In message <> you write:
> > The sched.c change is also useless (ie. only harmful). Anton and I looked
> > adapting the scheduler for hyperthreading, but it looks like the recent
> > changes have had the side effect of making hyperthreading + the current
> I trust Intels own labs over you on this one.

This is voodoo optimization. I don't care WHO did it.

Marcelo, drop the patch. Please delay scheduler hacks until they can
be verified to actually do something.

Given another chip with similar technology (eg.

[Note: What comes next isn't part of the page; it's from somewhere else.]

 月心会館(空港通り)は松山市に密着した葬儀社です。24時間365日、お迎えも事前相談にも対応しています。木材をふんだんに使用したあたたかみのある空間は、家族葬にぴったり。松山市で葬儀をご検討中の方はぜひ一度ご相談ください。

PPC's Hardware Multi
Threading) and the same patch, dbench runs 1 - 10 on 4-way makes NO

> I suspect they know what their chip needs.

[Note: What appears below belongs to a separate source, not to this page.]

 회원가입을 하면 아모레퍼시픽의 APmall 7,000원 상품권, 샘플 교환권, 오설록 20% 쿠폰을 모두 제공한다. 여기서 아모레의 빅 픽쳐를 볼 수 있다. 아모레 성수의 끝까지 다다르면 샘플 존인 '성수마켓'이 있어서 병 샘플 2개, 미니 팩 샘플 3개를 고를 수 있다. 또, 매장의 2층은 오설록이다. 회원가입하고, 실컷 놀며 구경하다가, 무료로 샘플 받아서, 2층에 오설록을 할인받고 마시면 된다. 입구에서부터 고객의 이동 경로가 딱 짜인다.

I find your faith in J. Random Intel Engineer fascinating.


The current scheduler actually works quite well if you number your
CPUs right, and to fix the corner cases takes more than this change.
First some simple terminology: let's assume we have two "sides" to
each CPU (ie. each CPU has two IDs, smp_num_cpus()/2 apart):

        0 1 2 3
        4 5 6 7

The current scheduler code reschedule_idle()s (pushes) from 0 to 3
first anyway, so if we're less than 50% utilized it tends to "just
work". Note that it doesn't stop the schedule() (pulls) on 4 - 7 from
grabbing a process to run even if there is a fully idle CPU, so it's
far from perfect.

Now let's look at the performance-problematic case: dbench 5.

Without HMT/hyperthread:
        Fifth process not scheduled at all.

        When any of the first four processes schedule(), the fifth
        process is pulled onto that processor.

With HMT/hyperthread:
        Fifth process scheduled on 4 (shared with 0).

        When processes on 1, 2, or 3 schedule(), that processor sits
        idle, while processor 0/4 is doing double work (ie. only 2 in
        5 chance that the right process will schedule() first).

        Finally, 0 or 4 will schedule() then wakeup, and be pulled
        onto another CPU (unless they are all busy again).

The result is that dbench 5 runs significantly SLOWER with
hyperthreading than without. We really want to pull a process off a
cpu it is running on, if we are completely idle and it is running on a
double-used CPU. Note that dbench 6 is almost back to normal
performance, since the probability of the right process scheduling
first becomes 4 in 6).

Now, the Intel hack changes reschedule_idle() to push onto the first
completely idle CPU above all others. Nice idea: the only problem is
finding a load where that actually happens, since we push onto low
numbers first anyway. If we have an average of <= 4 running
processes, they spread out nicely, and if we have an average of > 4
then there are no fully idle processes and this hack is useless.


  Anyone who quotes me in their sig is an idiot. -- Rusty Russell.